Alpaca-zip / ultralytics_ros

ROS/ROS 2 package for Ultralytics YOLOv8 real-time object detection and segmentation. https://github.com/ultralytics/ultralytics
GNU Affero General Public License v3.0
203 stars 40 forks source link

Improvement of processing speed #64

Open Alpaca-zip opened 9 months ago

Alpaca-zip commented 9 months ago

Branch

noetic-devel

Description

The two functions that take the most time are projectCloud() and downsampleCloudMsg(), both of which seem to take similar amounts of time. While I can't think of any way to improve the speed of downsampleCloudMsg(), it seems that projectCloud() could benefit from parallel processing with OpenMP.

Additional

Within projectCloud(), the most time consuming processes are processPointsWithBbox() and processPointsWithMask(), with euclideanClusterExtraction() taking about a fifth of the time, which is less than I originally thought.

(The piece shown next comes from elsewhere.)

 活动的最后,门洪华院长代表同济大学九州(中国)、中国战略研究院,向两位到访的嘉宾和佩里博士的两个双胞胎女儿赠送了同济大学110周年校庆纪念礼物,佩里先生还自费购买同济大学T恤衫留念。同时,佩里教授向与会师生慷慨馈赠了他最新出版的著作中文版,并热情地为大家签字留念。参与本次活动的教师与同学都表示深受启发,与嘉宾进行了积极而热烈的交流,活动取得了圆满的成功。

Are you willing to submit a PR?

Alpaca-zip commented 9 months ago

I've implemented parallel processing using OpenMP in the feature/omp_parallel branch. Testing with the KITTI dataset, the average processing time in syncCallback() improved from 17.5 ms to 14.8 ms, marking an average improvement of 15.5%.

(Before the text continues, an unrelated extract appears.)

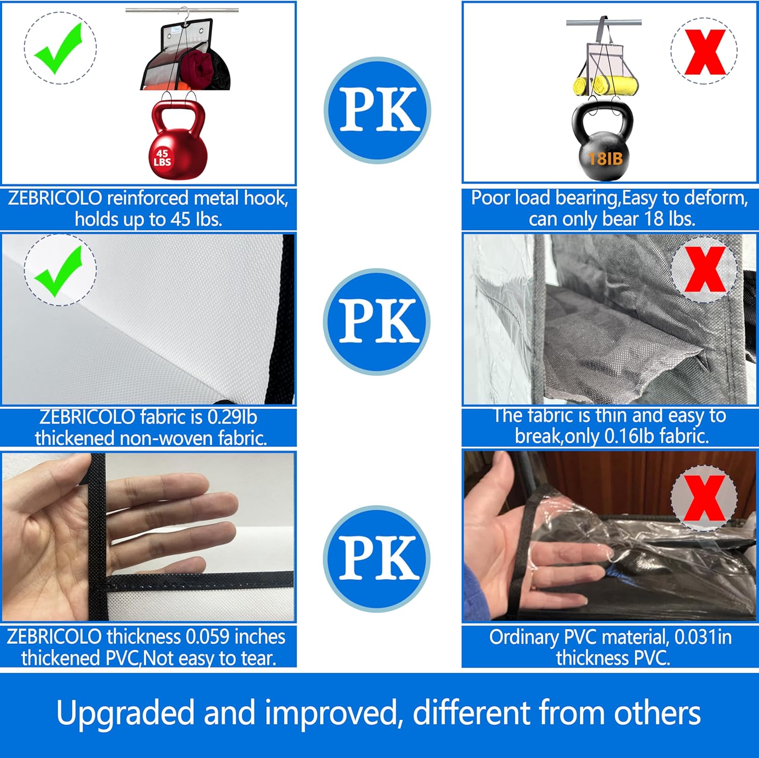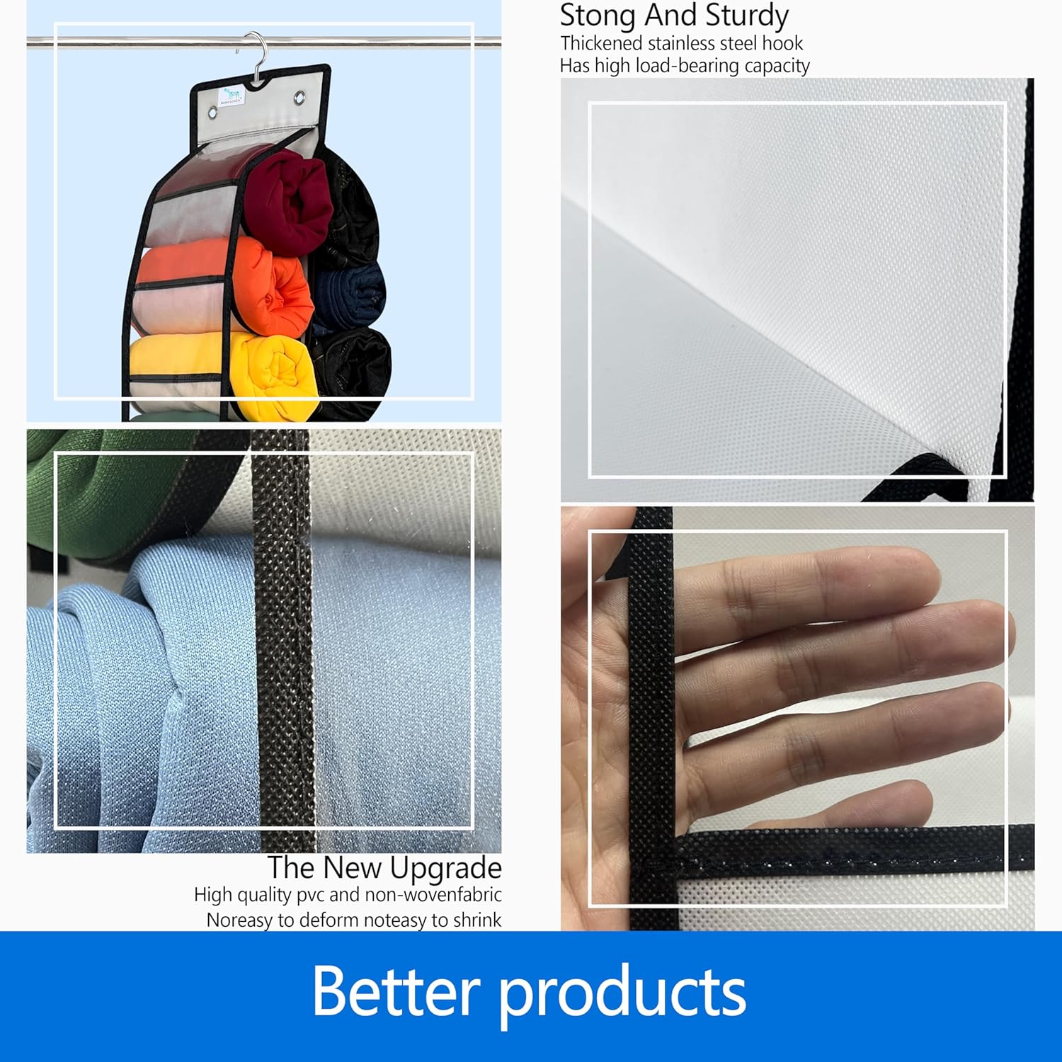 - closet organizers and storage,The thicken metal hooks ensure durability and stability when hanging, providing reliable support for your belongings.legging organizer,closet organizer,Each individual pocket is very roomy. closet organizers and storage、The clear plastic makes it easy to see what’s stored inside. The hanger is sturdy and holds the weight(40lb)Very strong load-bearing,The pockets are giant.

My configuration is as follows:

@h-wata, if you have some time, could you please test it in your environment as well? If you notice a significant improvement and find this change beneficial, I'll consider merging it into the noetic-devel branch. Thank you for your cooperation.

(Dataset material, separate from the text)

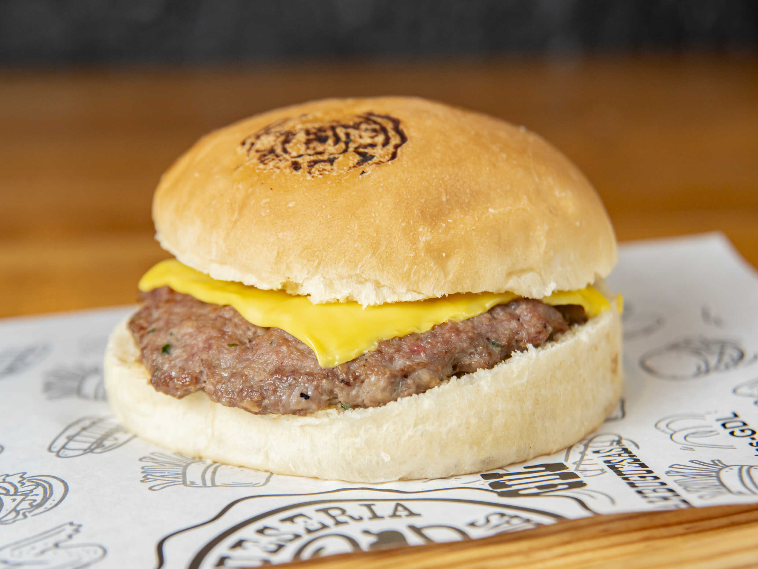 Hambuguesa estandar Pan artesanal, Carne 150gr, queso americano, 3 quesos, trocitos de tocino adicionado de una corona de cheese fundido.

h-wata commented 9 months ago

Thank you for your implementation. When I set voxel_leaf_size:=0.01, it takes 2.0 seconds to calculate projectCloud() in the noetic-devel. By the way, in the feature/omp_parallel branch, it takes between 0.6 to 0.7 seconds. Furthermore, the CPU usage is three times higher than in the noetic-devel when three objects are shown.

image

However, this setting is quite aggressive. With the default setting of 0.1, both branches should have no problem regarding computation time.